A dermatome is defined as ‘a strip of skin that is innervated by a single spinal nerve’. They are of great diagnostic importance, as they allow a clinician to determine whether there is damage to the spinal cord and to estimate the extent of a spinal injury if one is present. In this article, we shall look at the embryonic origins of dermatomes and explore their clinical uses.
We can trace the origins of dermatomes back to the 3rd week of embryogenesis. At around day 20, the tri-laminar disc has been established and the middle layer (mesoderm) has differentiated into its different types. The portion of the mesoderm that is directly adjacent to the neural tube is called the paraxial mesoderm.
From day 20 onwards, the paraxial mesoderm differentiates into segments called somites. Initially, there are 44 pairs of somites, however, 13 of these eventually break down leaving 31 somites. This corresponds to the 31 sets of spinal nerves in the body.
Each somite consists of a ventral and a dorsal portion.
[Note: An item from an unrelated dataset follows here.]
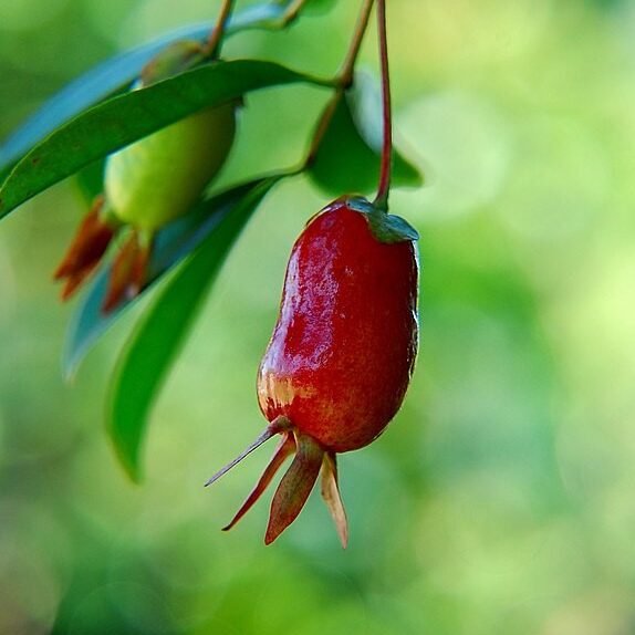 A rare Eugenia indigenous to the Rio Grande region of Brazil, the Cherry of the Rio Grande is a highly ornamental tree that yields delicious, sub-acid, cherry-like fruits. Requiring minimal maintenance, these trees naturally grow compactly with a well-defined shape, making them ideal for ornamental hedges where their wavy, glossy, elliptical leaves and stunning white flowers stand out. Typically reaching heights of 5-6 metres, this plant can grow substantially larger in optimal climates, forming a dense canopy. Its compact size renders it suitable for small backyards or container cultivation, also facilitating easy netting to provide protection against troublesome birds or fruit flies. Cherry of the Rio Grande thrives across a range of environments including savannas, grasslands, forests, and rocky areas, being not overly demanding in terms of soil fertility and quality, Trees thrive with year-round, moderate rainfall, especially during flowering and fruiting. However, they can tolerate moderate droughts, as commonly experienced in their native range. flourishing even in relatively unfertile soil. However, alkaline soils should be amended or avoided. Plants have reasonable drought tolerance, but for optimal productivity, it’s crucial to ensure ample rainfall or watering during blooming and fruit development. Given their shallow root systems and preference for consistent moisture, plants will greatly benefit from the application of mulch. Full sun or partial shade is suitable, and these plants can be cultivated in containers, offering the advantage of easy relocation to warmer spots during cooler months. Cold tolerance is notable for a eugenia, enduring temperatures down to -4 degrees when mature, although young plants lack frost tolerance and should be adequately protected. The medium-sized fruits have a globular to Pear-like shape as they mature, ripening quickly three weeks after flowering to a deep purple with a prominent calyx like other Eugenia. Fruits are juicy and possess a slightly acidic and sweet taste, akin to a cross between a Brazilian Cherry and a traditional Sweet Cherry. These fruits can be utilized in preserves, jams, or frozen for later use. Cherry of the Rio Grande is a superb alternative to the sweet cherry in tropical climates, much like the Cedar Bay Cherry is an excellent native replacement. Like other Eugenia trees, it is advisable to net the plants as their attractive, colorful fruit is often targeted by birds. Overall, the Cherry of the Rio Grande is a delicious snacking fruit boasting excellent form and appearance.

The ventral portion is made up of the sclerotome, the precursor to the ribs and vertebral column. The dorsal portion is known as the dermomyotome and, over time, the myotome proliferates and the dermatome disperses to form the dermis. During limb growth, the dermis associated with the precursor of the limbs is stretched and moved down the limb, resulting in the segmental innervation associated with the Keegan and Garrett dermatome map of 1948.
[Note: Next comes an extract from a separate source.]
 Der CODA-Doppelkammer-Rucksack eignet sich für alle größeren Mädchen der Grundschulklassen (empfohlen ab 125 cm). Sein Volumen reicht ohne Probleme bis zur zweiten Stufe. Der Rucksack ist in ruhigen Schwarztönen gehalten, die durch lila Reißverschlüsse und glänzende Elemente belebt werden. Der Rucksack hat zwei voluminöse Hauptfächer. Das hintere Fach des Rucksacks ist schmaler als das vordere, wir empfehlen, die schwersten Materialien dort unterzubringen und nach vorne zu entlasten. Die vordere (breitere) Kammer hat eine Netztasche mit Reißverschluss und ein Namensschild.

There are two main maps that are accepted by the medical profession. The first is the Keegan and Garret map of 1948. This depicts dermatomes in a way that correlates with the segmental progression of limb development. The second is the Foerster map of 1933, which shows that the medial part of the upper limb is innervated by T1-T3, following the distribution of pain from angina or a myocardial infarction (MI). This is the most commonly used dermatome map and is featured on the ASIA scale of assessing spinal injury.
Both maps depict progression of limb growth around an axial line. Across this line there is no overlap between dermatomes, however, those next to each other may have some slight overlap.
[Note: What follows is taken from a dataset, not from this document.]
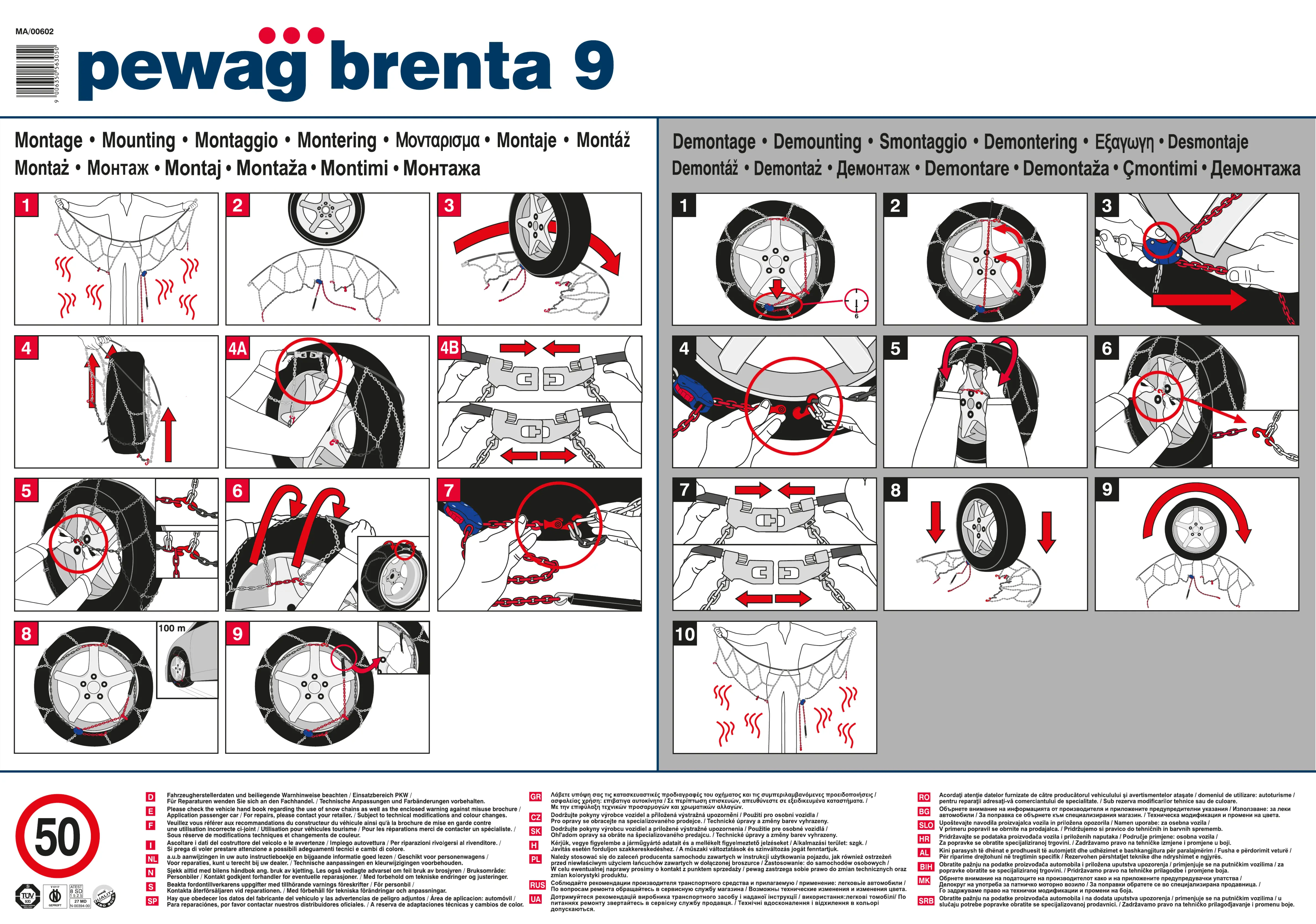 Brenta 9 - Chaîne à neige Pewag - Notice d'utilisation et mode d'emploi gratuit

Following a traumatic injury resulting in a potential spinal cord lesion, a clinician can use dermatomes to assess the presence and extent of the lesion. Firstly, light touch sensation is tested along the limbs and torso, with the clinician touching areas that correspond to the different dermatomes. Secondly, a small pin is used to test for pain responsiveness. The patient is instructed to close their eyes and say when they feel contact with their skin (to differentiate light touch and pain, as their fibres travel in different parts of the spinal cord – see here).
By using their knowledge of dermatomal and peripheral cutaneous innervation, and noting any areas of paresthesia, the clinician is able to ascertain whether there is any nerve involvement, as well as whether this is at the spinal root or peripheral nerve level.
The overlapping lines of dermatomes, which are responsible for sensory distribution in the body, demonstrate the importance of assessing spinal cord lesions. When determining the presence and extent of a spinal cord lesion, clinicians may use a process of testing dermatomes to understand the impact of an injury.
Firstly, clinicians will use cotton wool to test for light touch sensation along the limbs and torso. Areas corresponding to different dermatomes are touched in this process. Secondly, a small pin is used to assess the patient’s responsiveness to pain. It is important that the patient has their eyes closed during this procedure, and they must inform the clinician when they feel contact with their skin. It is because light touch and pain typically travel through different parts of the spinal cord.
By utilizing their knowledge of dermatomal and peripheral cutaneous innervation, as well as any present paresthesia, clinicians can determine whether any nerve involvement exists. Furthermore, they can figure out if the incident has caused damage to a spinal root or peripheral nerve.
Assessing spinal cord lesions is a complicated process for medical professionals. It requires a detailed knowledge of the anatomy of the human body, as well as skill in the application of certain procedures and tests. Clinicians must take note of any sensory deficits, as well as measure the reflex responses of the patient. All these factors must be considered to accurately assess the extent of a spinal cord injury.
Although the process of assessing a spinal cord lesion can be difficult, it is an essential part of the diagnosis and treatment of the patient. By understanding the anatomy behind the injury, clinicians can make an accurate prognosis as well as determine the best course of treatment.
The ability to assess spinal cord lesions is a valuable tool that clinicians can use to understand and treat these injuries. By taking into account the sensory distribution of dermatomes, clinicians can gain a valuable insight into the nerve damage sustained by the patient.